Calls to Bullock's and James' representatives, and Lindemulder were not returned.

Though Sunny may be a high-profile case of a child with "multiple mommies," given that 46 percent of marriages in the U.S. involve a remarriage for one or both spouses, it's not uncommon for today's children and teens to face the adjustment of having one or more step parents.

ABC News asked child and adolescent psychologists to weigh in on how to smooth the ride for kids making such a transition.

Shaken Stability: Why Kids of Divorcees Act Out

One of the biggest issues for kids when dealing with any divorce, whether it's the first for the third, is the loss of stability and routine in their lives, psychologists say.

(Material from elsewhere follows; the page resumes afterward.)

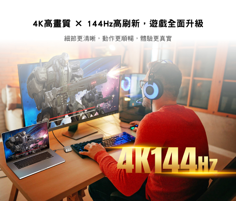 .HDMI支援最高4K@144Hz解析度
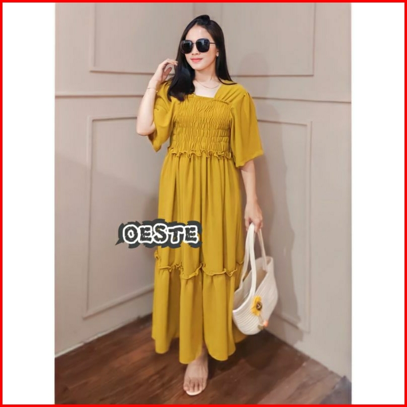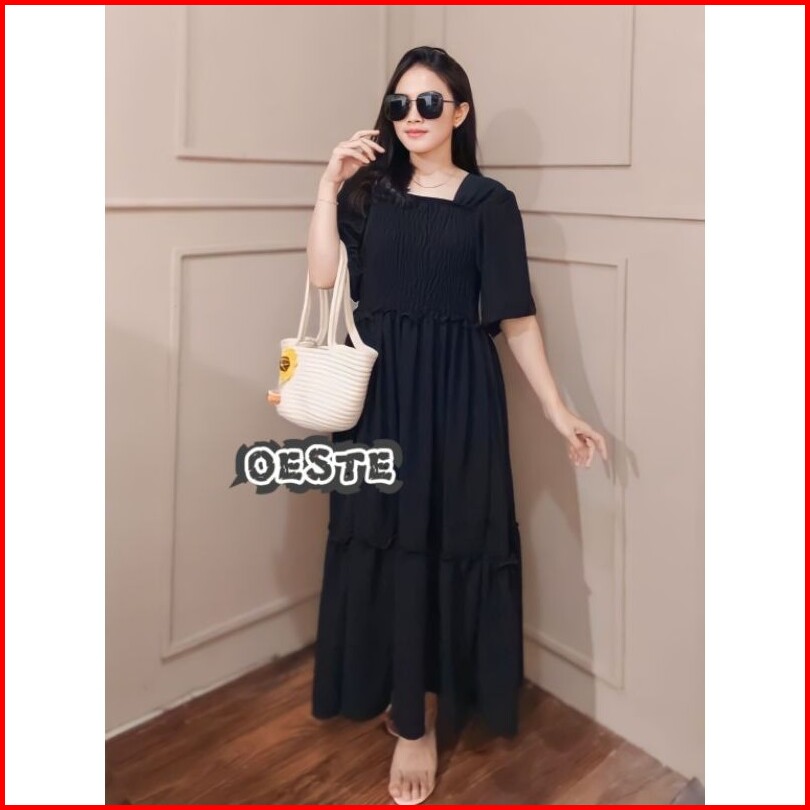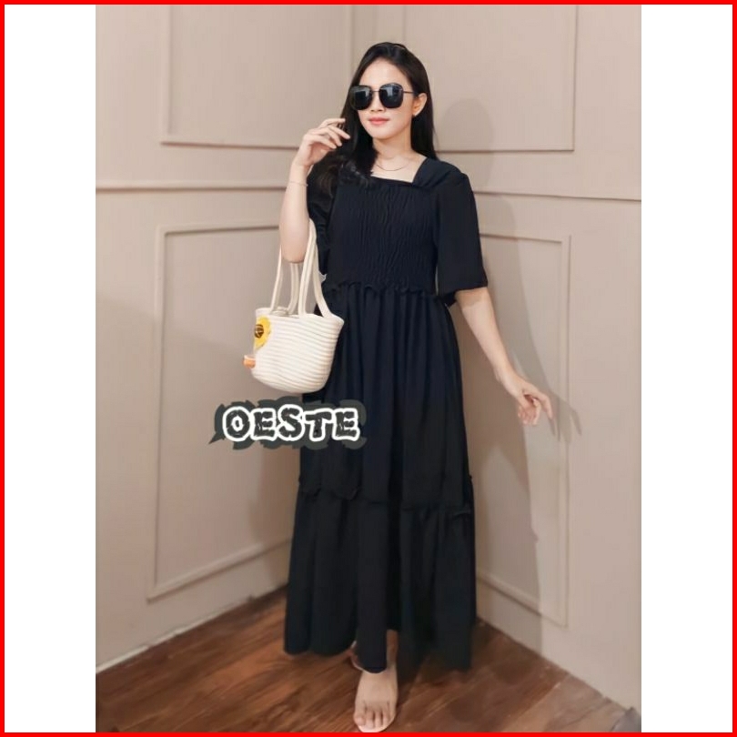Terbaru Daster Amanda Kerut Panjang Daster Crinkle Daster Cringkle Airflow Homedress Wanita Kekinian Long Dress Depan Be

"The basic principle is that young children need to have stability in their lives, in particular regarding their caretakers," says Dr. William Bernet, a child and adolescent psychiatrist at Vanderbilt University. "They need to form trusting relationships with those people, whether that's a mom, a grandparent, a stepdad or even a babysitter. But in order to do that, they have to have that relationship over an extended period of time."

But when kids face multiple "transitions" from one marriage to another, one stepparent to another, the continuity of the relationship with caregivers is broken, says Robert Emery, professor of psychology at the University of Virginia and author of "The Truth About Children and Divorce."

"A remarriage isn't an hour at a wedding, it takes an adjustment [to the new parent] of two years or even longer," Emery says. "When you talk about multiple transitions, you're talking about a very large portion of a child's life lived in a state of uncertainty."

Children may become confused about authority and be unsure of what the new "rules" are going to be with the new parent. This can lead to rebellious behavior as the child resents the disruption this new parent poses in their lives, experts say.

But acting out isn't the only way that kids will show that they're struggling: They may become depressed and mourn the loss of the previous caregiver who has been cast off by their parent, they may become withdrawn, they might even become super well-behaved.

Some kids will become very well-behaved, Emery notes, but their apparent resilience belies their anxiety.

"They try trying to be the mediators, but there can be a lot going on beneath the surface," he says.